Exercise aim | Repeat the data in full. Drop every picture.

(Saved entries)

-*-*-

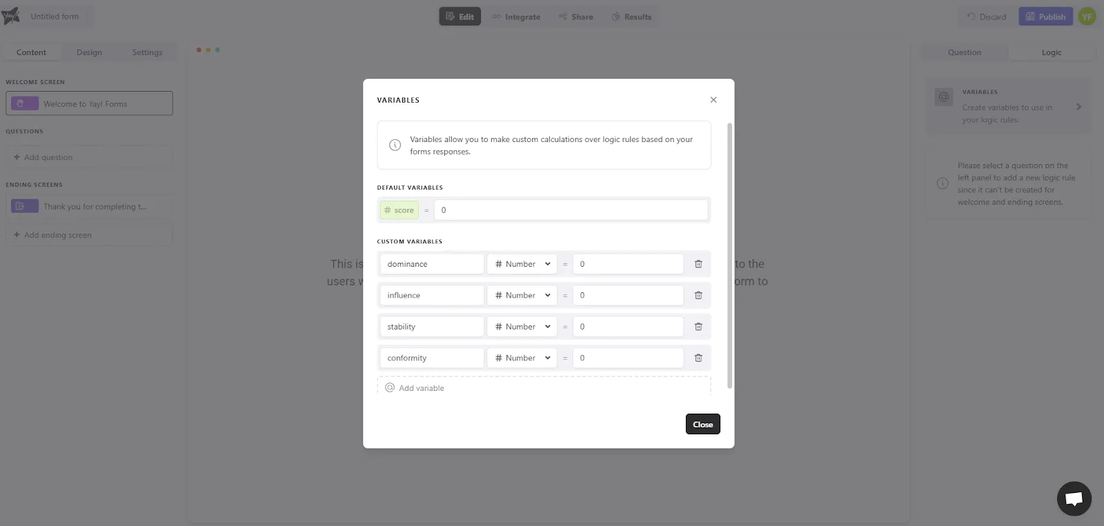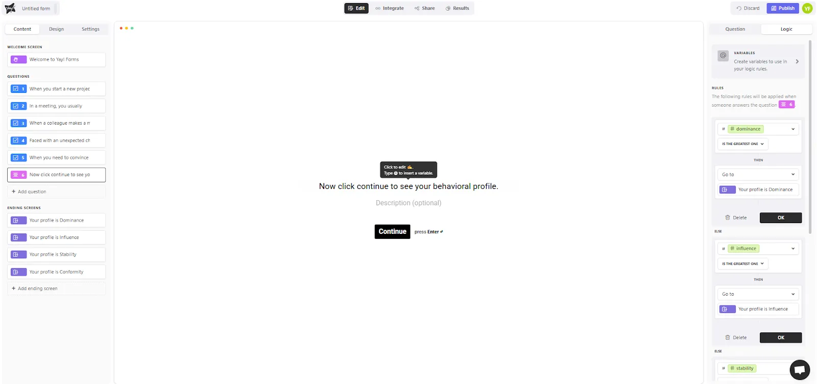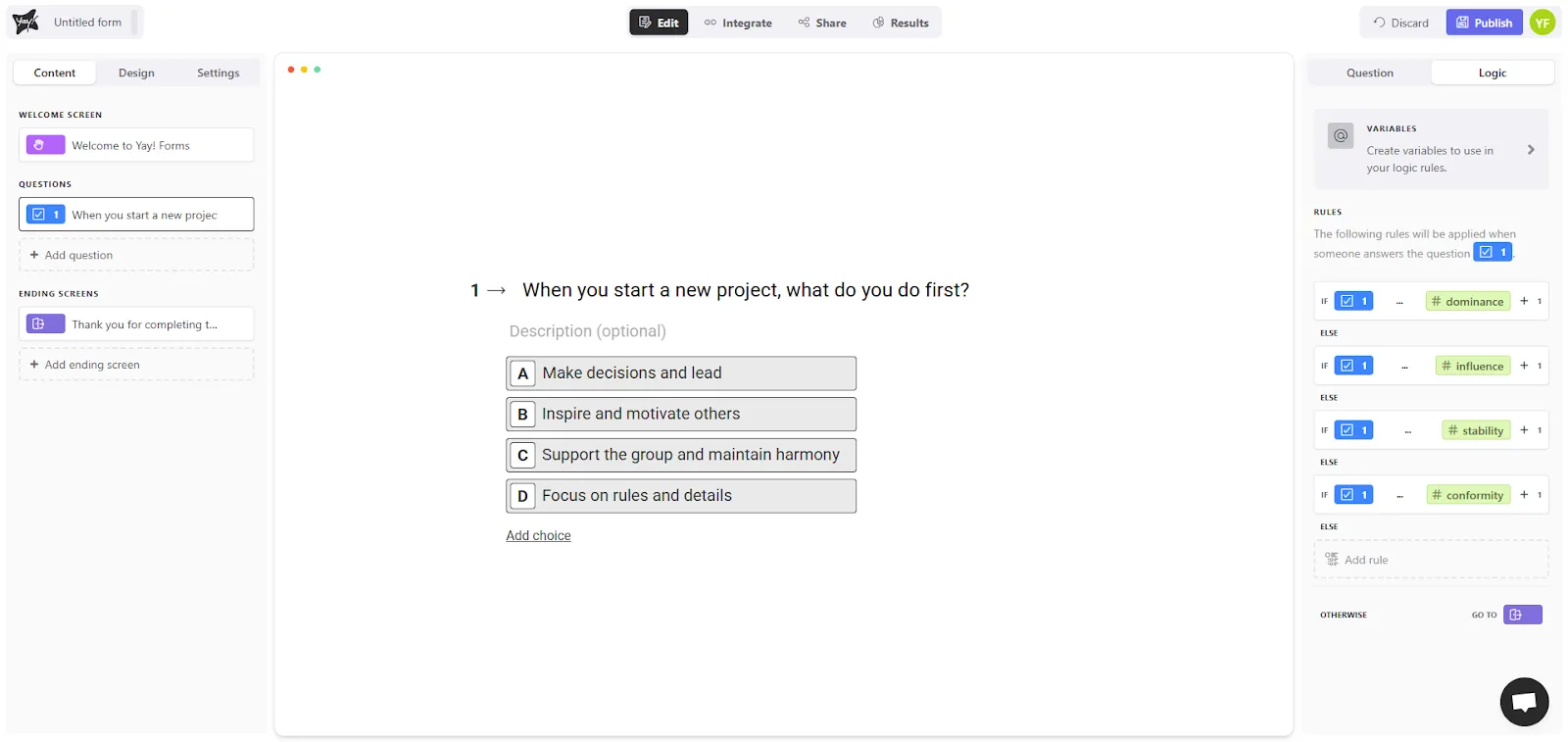 Below you’ll find an example that can serve as a basis for creating your own DISC personality quiz. In it, we show, for example, how points will be added to variables.
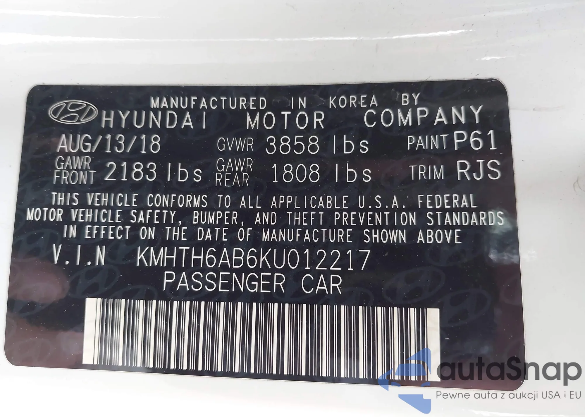 • VIN KMHTH6AB6KU012217
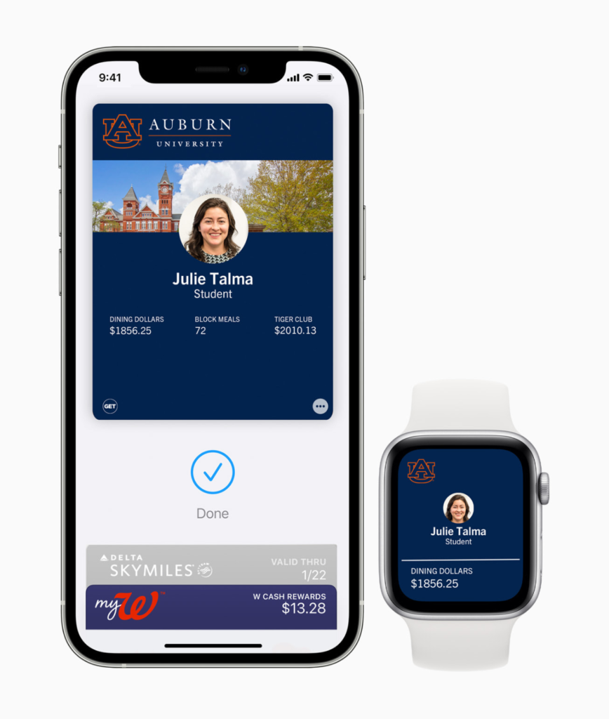 In April 2021, for the first time since launching mobile student IDs in Wallet, students used their mobile IDs to make purchases and access campus buildings more than they used plastic ID cards, according to Apple. This fall, the University of Alabama will be the first school to exclusively issue mobile student IDs to their 38,000 students with eligible devices.
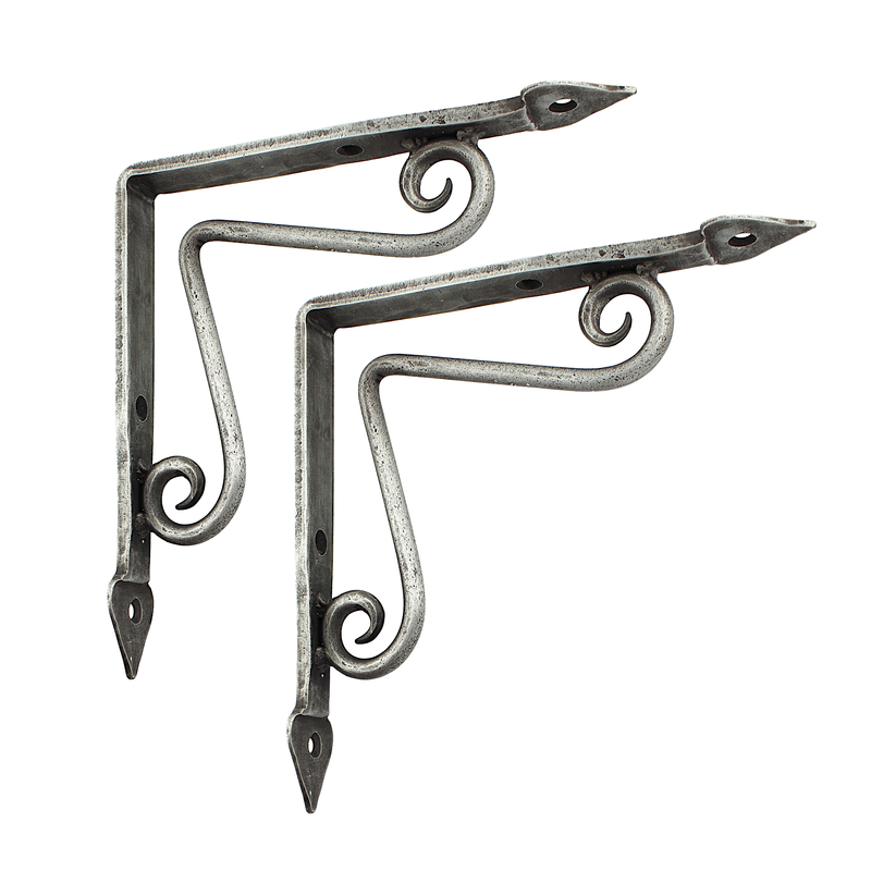 Regalträger antik | 2er Set Regalwinkel, Regalhalter | Wandwinkel aus Eisen frei geschmiedet, altverzinkt, IRF-EW022 , 18 cm Auch wenn um die Wende des 19. zum 20. Jahrhundert Schmiedeeisen in vielen Bereichen durch die Erfindung des Gusseisens stark zurückgedrängt wurde, besitzen handgeschmiedete Beschläge nicht nur in Stilbauten, historischen Gebäuden und der Denkmalpflege hohe Bedeutung. Die frühesten noch erhaltenen Funde von Beschlägen aus Eisen dokumentieren eindrucksvoll nicht nur die Schmiedekunst jener Zeit, sondern auch die besonderen Eigenschaften von handgeschmiedeten Eisenbeschlägen: Hohe Festigkeit, gute Formbarkeit, günstiger Preis und lange Lebensdauer.
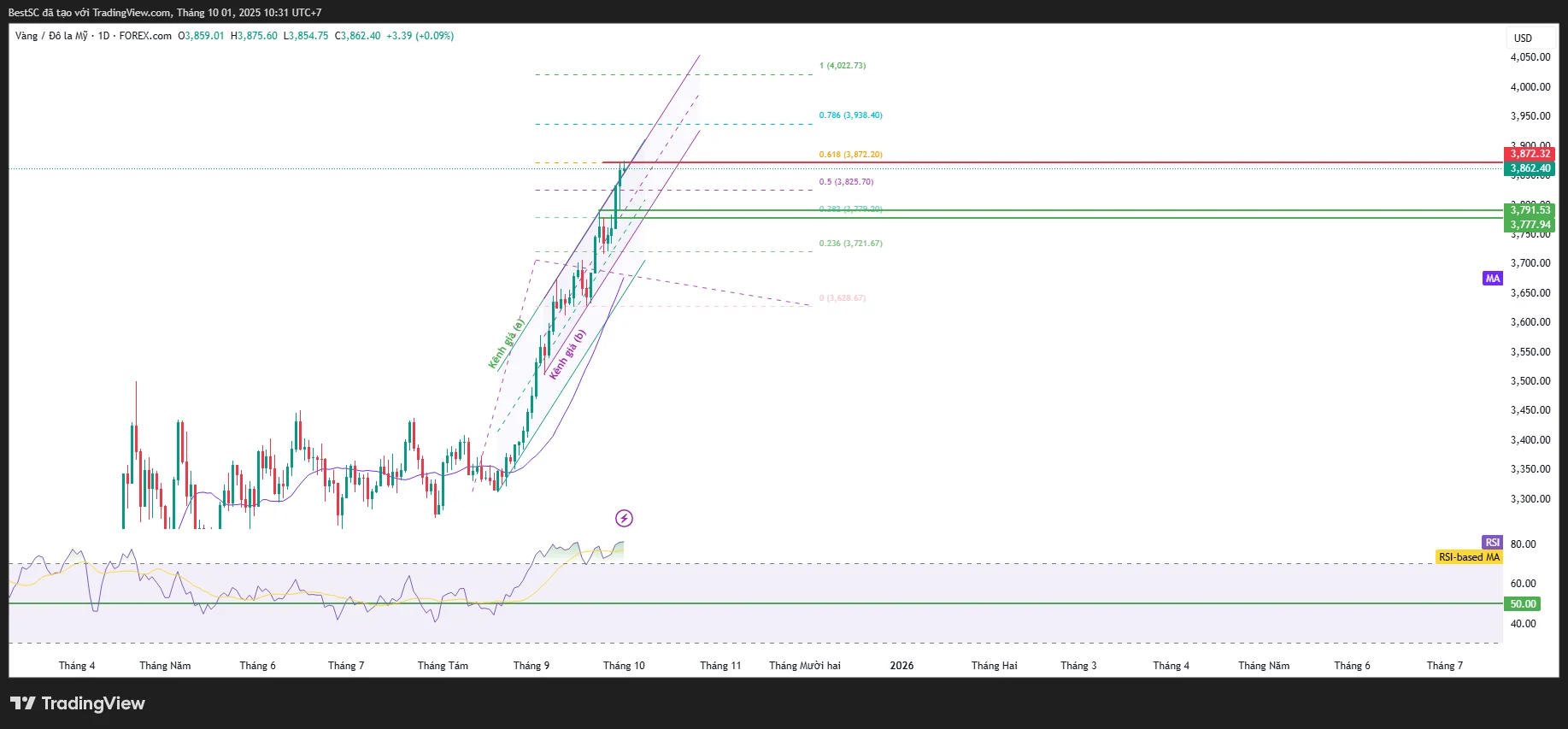 - Kháng cự mạnh: 3.872 – 3.875 USD/oz (Fib 0.618 + vùng chặn tâm lý).

-*-*-

Answer space |
 Below you’ll find an example that can serve as a basis for creating your own DISC personality quiz. In it, we show, for example, how points will be added to variables.
 • VIN KMHTH6AB6KU012217
 In April 2021, for the first time since launching mobile student IDs in Wallet, students used their mobile IDs to make purchases and access campus buildings more than they used plastic ID cards, according to Apple. This fall, the University of Alabama will be the first school to exclusively issue mobile student IDs to their 38,000 students with eligible devices.
 Regalträger antik | 2er Set Regalwinkel, Regalhalter | Wandwinkel aus Eisen frei geschmiedet, altverzinkt, IRF-EW022 , 18 cm Auch wenn um die Wende des 19. zum 20. Jahrhundert Schmiedeeisen in vielen Bereichen durch die Erfindung des Gusseisens stark zurückgedrängt wurde, besitzen handgeschmiedete Beschläge nicht nur in Stilbauten, historischen Gebäuden und der Denkmalpflege hohe Bedeutung. Die frühesten noch erhaltenen Funde von Beschlägen aus Eisen dokumentieren eindrucksvoll nicht nur die Schmiedekunst jener Zeit, sondern auch die besonderen Eigenschaften von handgeschmiedeten Eisenbeschlägen: Hohe Festigkeit, gute Formbarkeit, günstiger Preis und lange Lebensdauer.
 - Kháng cự mạnh: 3.872 – 3.875 USD/oz (Fib 0.618 + vùng chặn tâm lý).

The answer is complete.